Studdingsail Tradewind Dawn

We came up on the quarterdeck this morning for watch at 0400 to find the ship sailing along easily under studding sails on a big moon, shimmering sea night. A warm easterly trade wind was blowing softly over the starboard quarter. Yards are braced ahead from square a point or so. The old patched fair-weather square-sails bent on for this trade-wind passage from Africa to the West Indies catch this gentle breeze and pull us along at five knots in small seas. Even the studding sails are patched. How many ships have made that claim in a very long time? There is some charm in having patched studding sails. With a full moon in the sky, dappled shades of moon and star lights on the seas and clouds making piles of white here and there all around us, this is very much a Bill Gilkerson painting of an olde tyme sailing ship at sea. I am pretty sure I can see the indistinct form of a pirate skull in a cloud passing on starboard.

The helmsman stands to windward of the large teak wheel getting used to the night, the compass and the wind. The new lookout heads forward to relieve the old lookout on the foc’sle head. The watch sit on the vegetable lockers on the quarterdeck waiting their turn at helm or lookout or to be called to sail handling in the shades of bluish grey of
this moonlit night well advanced into morning. The spanker boom moans and chirps gently from time to time in the gentle roll. The only other sounds are the occasional clunk of the steering gear from the rudder fetching up in the following seas and the ocean bubbling past along the waterline either side. Some sea bird has perched on the starboard main royal yardarm, hitching a ride, easy to see in silhouette against the bright dark sky. The port running light lantern casts a red glow on the port tack and sheet of the foresail as the lower studding sail on starboard gets a bit of green loom from the other lantern.

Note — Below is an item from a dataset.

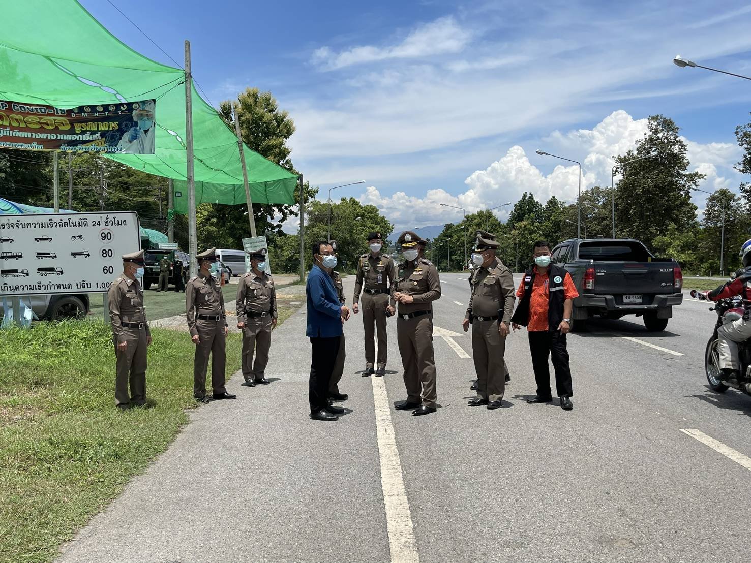 15 ก.ค.2564 เวลา 11.00 น. พล.ต.ท.ประจวบ วงศ์สุข ผบช.ภ.5,พ.ต.อ.วิสุทธ์ พุ่มจันทร์ รอง ผบก.ภ.จว.เชียงใหม่,พ.ต.อ.พงษ์เดช คำใจสู้ รอง ผบก.ภ.จว.เชียงใหม่ พร้อมคณะ ได้เดินทางมาตรวจเยี่ยมจุดตรวจบูรณาการ ควบคุมการแพร่ระบาดของเชื้อไวรัส โควิด-19 ของ สภ.ดอยสะเก็ด จ.เชียงใหม่ ถนนเชียงใหม่-เชียงราย พบ นายกิติพัฒน์ กะวัง นายอำเภอดอยสะเก็ด,

Time moves on and now a yellow light comes piercing out of the lee galley door as the cook, Mr. Church, starts his daily chores banging pots and pans around. The hand water pump starts a-pumping, which pretty much signals the beginning of the day aboard this ship. Our young Swedish lead seaman gets her watch started up, rolls out the hose for a deck scrub. Getting pretty light in the east now. The tops of the tall clouds off to leeward get the first sunlight and glow a yellow pink. Cats rubbing up looking for attention and a renewed food bowl no doubt. Not a peep out of the two and a half year old sleeping below. White chalky plops on deck underneath the royal yardarm hosting our feathered hitchhiker.

The days comes in fair and partly cloudy with a couple scattered light rain squalls off in the distance, thin sheets of rain slanting beneath them benignly. There is no power in these squalls right now. For this we are grateful as this can easily change. We have a new royal yard just completed on saw-horses on the main deck, which needs many coats of varnish before securing foot ropes and sent aloft for crossing. Long sausages of sails are getting lumped up to the quarterdeck, soon they cover the poop in lots of clean canvas as we sew up all the sails laid out and cut in Cape Town. The rigging gang is renewing hemp ratlines and serving in the rig here and there. Foot ropes get sent down one at a time for overhauling. They just made a new mainstay and next up is a new cap-stay. Big wire, big splices, pretty big wire seizings. And a hundred other jobs in the rig.

The galley bell rings signalling first breakfast back aft in the warm breeze for the eight to twelve watch which will take over the deck very shortly.